It was the worst thing Elfrida Marsh could think of. Losing a child or finding out you had cancer didn’t hold a candle to it. You could be poor; you could spend your life doing what she called “scratchin. ” But at the
bottom of everything, below even the gutter, was a time when you might
have to go on the county and drink the worksweat from the brows of others as a gift. This, she knew, was the prospect that now faced Cheryl Tarrent.
“Once you got the windows washed and take the trash out, you can go and play awhile, if you want. It’s your father’s bowling night so you won’t have to fix his supper, but I want you in before dark. You know why. ”
“Okay, Mom. ”
“My God, you’re growing up fast, ” Elfrida said. She looked for a moment at the nubs in Beverly’s sweatshirt. Her glance was loving but pitiless. “I don’t know what I’m going to do around here once you’re married and have a place of your own. ”

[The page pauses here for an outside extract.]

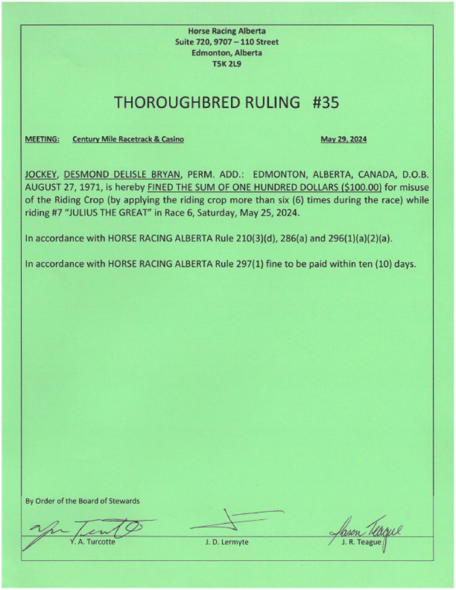 - Infraction: Misuse of riding crop

“I’ll be around for just about ever, ” Beverly said, smiling.
Her mother hugged her briefly and kissed the corner of her mouth with her warm dry lips. “I know better, ” she said. “But I love you, Bevvie. ”
“I love you too, Momma. ”
“You make sure there aren’t any streaks on those windows when you’re done, ” she said, picking up her purse and going to the door. “If there are, you’ll catch the blue devil from your father. ”

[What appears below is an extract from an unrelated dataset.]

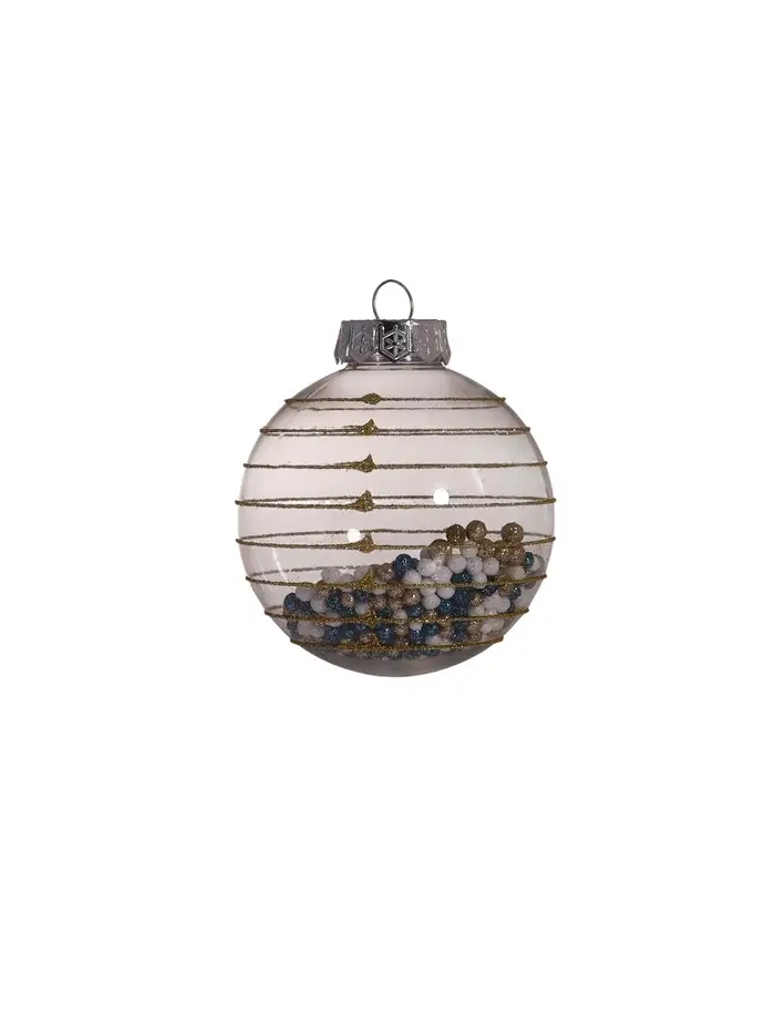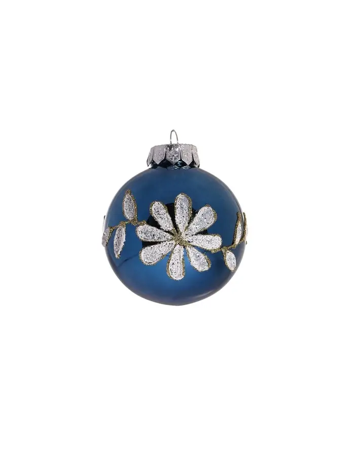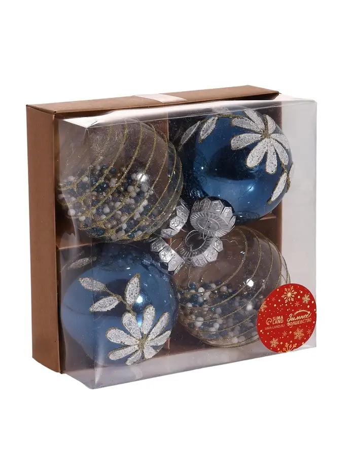 Набор из 4 новогодних шаров диаметром 8 см сочетает прозрачные и синие оттенки с изящным рисунком, выполненным в стиле фьюжн. Эти украшения добавляют глубину и современный акцент в праздничное оформление ёлки.

“I’ll be careful. ” As her mother opened the door to go out, Beverly asked in a tone she hoped was casual: “Did you see anything funny in the bathroom, Mom? ”
Elfrida looked back at her, frowning a little. “Funny? ” “Well . . . I saw a spider in there last night. It crawled out of the drain. Didn’t Daddy tell you? ”
“Did you get your dad angry at you last night, Bewie? ”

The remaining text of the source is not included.